Too much to ask that we get a mention of McCain backing out of public financing for the primary? Is that to McMavericky?

On top of that, you don't even offer up a quote where Barack supposedly agrees to take public financing...

Posted by: moreaxe | February 15, 2008 5:57 PM | Report abuse

John McCain is in a luxury position now, and if this is all he can muster, than the web statistics are true:

Obama vs. McCain-

Posted by: davidmwe | February 15, 2008 5:53 PM | Report abuse

This is Bacon Jr.. The person who wrote the Obama muslim lie.. So he is biased Moreaxe he forgot to include that bit. I recall McCain saying that too..

Posted by: TennGurl | February 15, 2008 5:25 PM | Report abuse

I meant "Mr Bacon", although the same holds true for Mr Balz.

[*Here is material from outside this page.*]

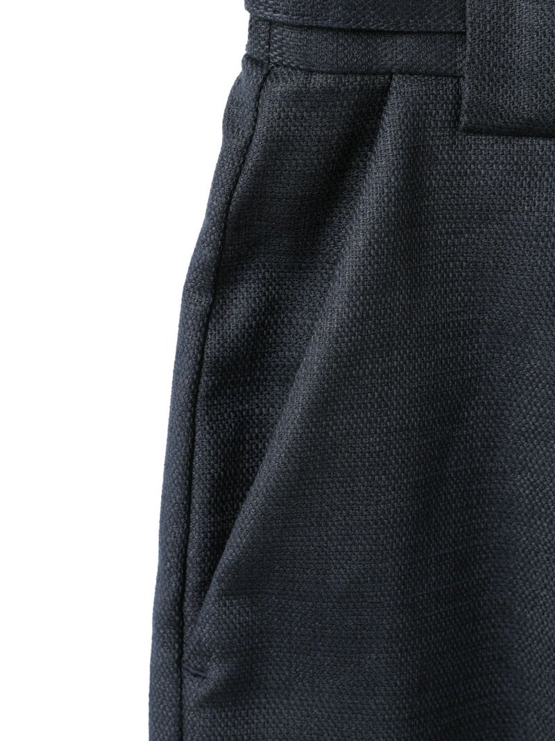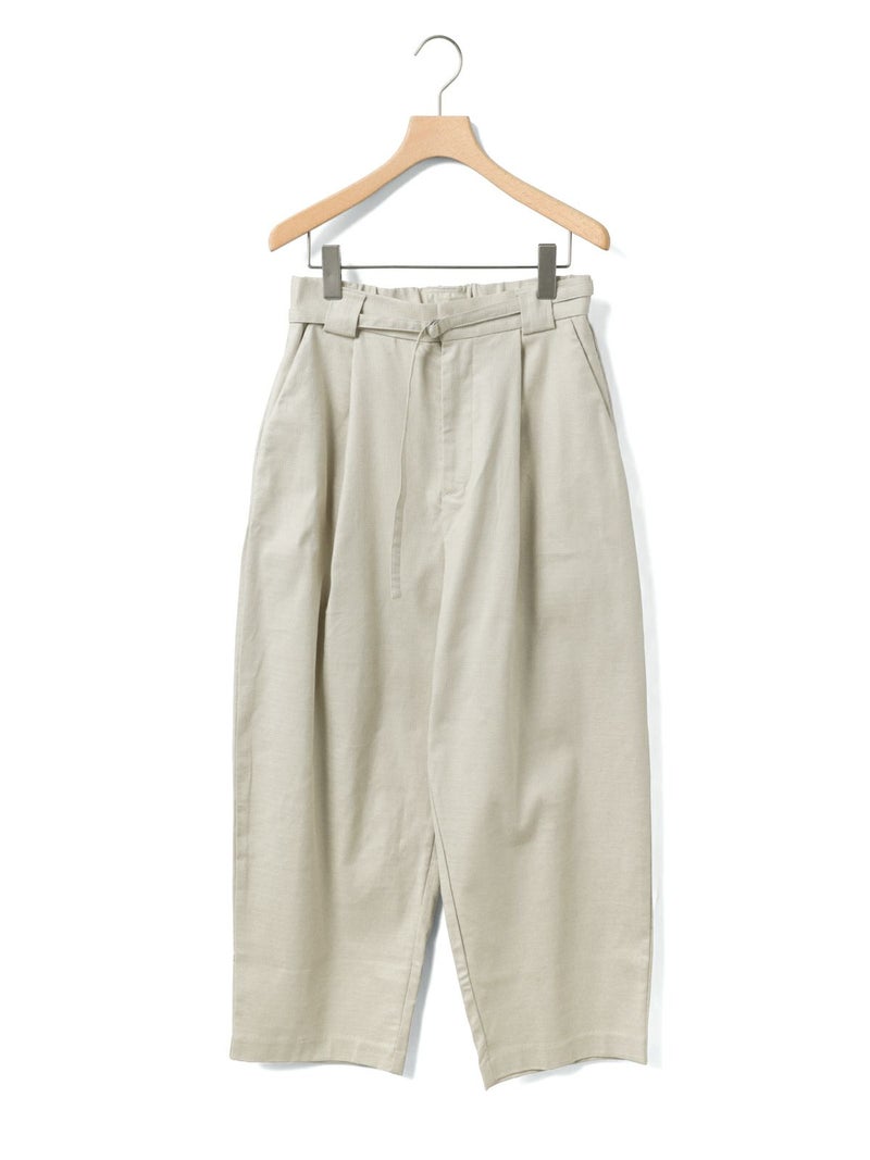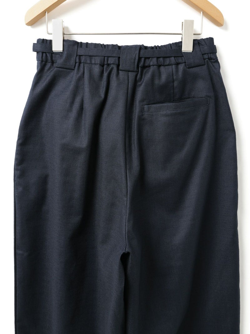 麻のような凹凸感がある素材をセミフォーマルな雰囲気に落とし込んだベルト付きスラックスパンツです。程よくゆとりがあり丸みのあるシルエットを表現。ベルト付なのでウエストキープのしやすいデザイン仕上げとなっています。ストレッチが入っているので動きやすく穿きやすさを体感していただけます。春の着こなしを先取りしていただけるベーシックな3色のカラーで着回しアイテムとして重宝できる1枚です。同シリーズ1-760124/ベルト付きスラックス、1-770115/ショートシャツジャケット、1-750116/バルーンサロペットも展開。

Posted by: zukermand | February 15, 2008 5:24 PM | Report abuse

From a recent NY times article:

"Mr. McCain's advisers said that the candidate, despite his signature legislative efforts to restrict the money spent on political campaigns, would not accept public financing and spending limits for this year's general campaign."

Looks like the straight talk express ran aground again and the media fails to report it. Back to business as usual. Maybe you can slip the "maverick" modifier in there a few times too.

I guess it's also too much to ask that you mention that Mr. McCain also recently took out a loan using a fundraising list as collateral (something a non-politician would not be able to do), calling into question whether or not Mr. McCain was using his position as a sitting Senator for fundraising in direct violation of McCain-Feingold.

Posted by: moreaxe | February 15, 2008 5:21 PM | Report abuse

Obama fans take note, while Mr Balz is perfectly comfortable supporting your candidate in a primary with Sen Clinton, he, and others like him, will be less accommodating in a general with Mr McCain. You may find his unprofessional behavior a double edged sword.

Posted by: zukermand | February 15, 2008 5:20 PM | Report abuse

GTH, Baby Burner-

You are just petulent because even with the old fatcat republican riches won't get you within daylight of what Senator Obama is collecting.